It was an excellent interview with Jesse Watters, DOGE, and Elon Musk.  I think we are seeing something here that will stick around, and I couldn’t be happier, reflecting over the years to the early part of the Tea Party movement, when fiscal responsibility was our main concern.  It seemed inconceivable at the time that something like a DOGE would ever happen.  But here we are in 2025 having serious discussions about the massive government waste that taxpayers are funding, and it’s not just a campaign issue that comes up every four years.  As Elon Musk has set it up, DOGE has emerged as something that can stick around long after he’s gone, which is what good CEOs do for their companies: you set the table and make it so that you build a culture that can run on its own.  And I’m sure Elon Musk will stick around and be a figurehead of DOGE for a long time.  But what he has created and what the members are doing will last and become a part of government oversight that will last even as the political tides might change.  The Jesse Watters interview captured well what DOGE really is, which I’m sure they had no idea it would be.  One thing that was certainly obvious was that the people doing DOGE are brilliant and well-intentioned, and what Elon Musk has done as the head of the effort is set a standard that can now cascade into a culture of scrutiny that should have been present from the beginning.  Whenever you have money involved, there will be people looking to exploit the system so they can steal some of it.  And when you have a government this big and powerful, that can confiscate so much wealth from people, abuse was a certainty.  But to what extent can people only imagine, until now?
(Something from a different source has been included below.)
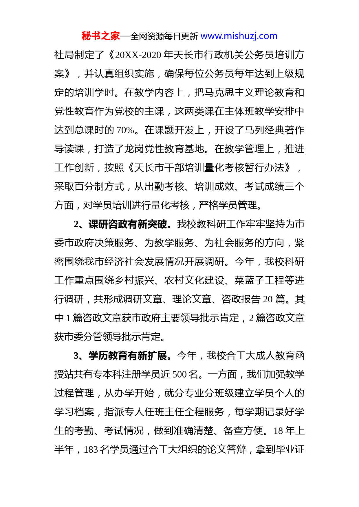 秘书之家—全网资源每日更新www.mishuzj.com天长市委党校(行政学校)20XX年工作总结及20XX年工作计划一、20XX年工作回顾20XX年,我校在市委、市政府的正确领导下,坚持习近平新时代社会主义思想为指导,深入贯彻落实党的十九大、十九届三全会精神,深入推进“两学一做”学习教育常态化制度化暨“讲严立”专题警示教育,强化干部教育培训,重视机关党组织建设,圆满完成了年初确定的各项工作任务。(一)履行核心职能,强化干部教育培训1、主业主课有新提升。20XX年,在市委组织部等相关部门的支持配合下,全年举办各类主体班、专题班培训轮训23期,其中科级领导干部进修班3期,公务员履职能力、市直党务干部、工会干部培训班各2期,综治干部素质能力提升、城市规划建设、妇女干部、乡村振兴、非公党建、团干、公务员任职、意识形态工作、统战干部、村(社区)书记主任、村(居)务监督委员会主任、农村党建指导员、中青年干部、组织业务培训班各1期,共培训1699人次。另外,还承办、接待社会培训和市外培训20期,培训约2435人次。在干部培训上,联合市委组织部、市人秘书之家—全网资源每日更新www.mishuzj.com社局制定了《20XX-2020年天长市行政机关公务员培训方案》,并认真组织实施,确保每位公务员每年达到上级规定的培训学时。在教学内容上,把马克思主义理论教育和党性教育作为党校的主课,这两类课在主体班教学安排中达到总课时的70%。在课题开发上,开设了马列经典著作导读课,打造了龙岗党性教育基地。在教学管理上,推进工作创新,按照《天长市干部培训量化考核暂行办法》,采取百分制方式,从出勤考核、培训成效、考试成绩三个方面,对学员培训进行量化考核,严格学员管理。2、课研咨政有新突破。我校教科研工作牢牢坚持为市委市政府决策服务、为教学服务、为社会服务的方向,紧密围绕我市经济社会发展情况开展调研。今年,我校科研工作重点围绕乡村振兴、农村文化建设、菜蓝子工程等进行调研,共形成调研文章、理论文章、咨政报告20篇。其中1篇咨政文章获市政府主要领导批示肯定,2篇咨政文章获市委分管领导批示肯定。3、学历教育有新扩展。今年,我校合工大成人教育函授站共有专本科注册学员近500名。一方面,我们加强教学过程管理,从办学开始,就分专业分班级建立学员个人的学习档案,指派专人任班主任全程服务,每学期记录好学生的考勤、考试情况,做到准确清楚、备查方便。18年上半年,183名学员通过合工大组织的论文答辩,拿到毕业证秘书之家—全网资源每日更新www.mishuzj.com书。另一方面通过媒体广告、网络宣传等方式,加强宣传努力扩大招生规模,促进函授站稳步发展。下半年,有199名学员到我校函授站报考。(二)狠抓机关党建,推动机关作风转变1、深入推进“两学一做”学习教育常态化制度化和“讲严立”专题警示教育。按照“两学一做”学习教育常态化制度化要求,认真学习习近平总书记关于全面从严治党系列重要讲话精神和有关讲忠诚、严纪律、立政德方面的重要论述;学习党的十九大精神和有关法律法规及新修订的纪律处分条例。开展了“不忘初心忘没忘?牢记使命牢不牢?”和“三问三查”集中研讨。组织全体党员观看警示教育片《权》,到天长看守所接受警示教育我市反腐倡廉警示教育。召开“讲严立”警示教育专题民主生活会会后对校委班子查摆出了16个突出问题、班子成员查出的28个问题都制定了整改清单,分清责任,研究落实了整改措施。2、扎实做好机关党建工作。一是夯实党校党组织基础党校总支及所属支部严格按照程完成换届。各支部按要求做好党费收缴,及时组织人员参加党务干部培训,规范入党积极分子的教育培。二是灵活多样开展主题教育活动。“七一”期间,组织全体在职党员赴淮海战役烈士纪念馆周恩来纪念馆开展祭奠、参观、重温入党誓词等活动;组秘书之家—全网资源每日更新www.mishuzj.com织党员集中观看一场《建党伟业》、《开天辟地》等红色影视片;参加市直工委开展的以“不忘初心、牢记使命”为主题的党建知识竞赛,并获总分第二。推进了基层党组织党建结对活动,支持秦栏镇新民村建设1.5万元,深入联合党委所在的千秋社区和结对共建村(社区),对生活困难党员开展慰问活动。三是认真落实党建工作责任制。定期召开党建会议,对党建工作进行安排部署,明确全年党建工作的目标和任务,真正把党建工作纳入重要议事日程认真落实党内政治生活,坚持民主生活会、组织生活会、“三课一会”制度,全年召开总支支委会4次、全体党员学习会40次、上党课4次,开展民主评议党员、党性分析活动。3、强化机关作风建设。出台了《中共天长市委党校作风建设“三治三提”活动行动方案》《中共天长市委党校专兼职教师教学科研工作量考核办法(试行)》《中共天长市委党校主体班班主任工作规定》等,着力解决不想担当、标准不高、作风散漫等问题。(三)加强队伍建设,提升履行职责能力1、加强教职工思想教育。坚持“党校姓党”原则,强化理论教育,引导全体党员牢固树立“四个意识”,时刻保持高度的政治觉悟、坚定的政治立场、严明的政治纪律敏锐的政治鉴别力和政治敏感性,在思想上政治上行动上秘书之家—全网资源每日更新www.mishuzj.com做到“两个维护”。选派

I don’t think Elon Musk needs to be there every day to run DOGE.  It’s nice that he is still doing it even as the government’s activism against him has sought to ruin his car company, Tesla.  Elon Musk might be the wealthiest person in the world, but this commitment to DOGE has cost him dearly.  And I think from here on out, all that needs to be done is to empower people like the current DOGE members into doing the work and to let it take on a life of its own.  What they ended up with differs from what they set out to do in saving trillions of dollars off the top of the budget.  Most of the savings they have extracted aren’t the obvious things like entitlement payments and program-driven budgets, but the day-to-day abuses that get hidden behind all the chaos.  Most of the savings coming from DOGE are in saved opportunity cost, which is usually very hard to measure.  Elon Musk’s way of thinking when running his other companies was just what was needed.  The government has required this oversight since it started collecting taxes, and what Elon Musk has done in this very short time deserves great recognition and gratitude because he could have done what most everyone does, and just ignored the problem.  When you are as wealthy as he is, he could have easily turned his back on the issue and moved offshore to live a fun life.  But to sink his teeth into this project took guts, and because of it, we’ll be talking about DOGE, I think, permanently. 

People can’t be trusted to do the right things on their own, and one thing that came out of the DOGE interview on Fox News was how many people have been abusing the system dramatically.  I saw much of this firsthand when my wife and I traveled to Washington, D.C. for an extended period and lived in Fairfax County to see how most of those communities entirely existed off the waste scraped off the top of government.  Many of the programs that have so much waste in them were created with the best of intentions, but when you involve people who are always looking for the easiest way to do things, a scandal is bound to happen, and many people are professional con artists, even to themselves.  They can look in the mirror and even lie to what looks back and feel okay with it.  Those are the kind of people drawn to government work, and the many spoils come from a largely unregulated system.  The stories of abuse that DOGE is telling are just the tip of the iceberg.  And, astonishingly, we are talking about it now.  I thought from the Tea Party perspective that we’d have to have another Revolutionary War-type engagement to get control of government spending and waste.  I never thought that President Trump, one of the wealthiest men in the world, would be in the White House, which meant he was personally free of the typical social constraints that even keep the questions from being asked.  Or that the wealthiest and most innovative CEO in the world would personally create a department to oversee waste management and root out the perpetrators like a gunslinging sheriff in a wild and hostile old west town full of criminals. 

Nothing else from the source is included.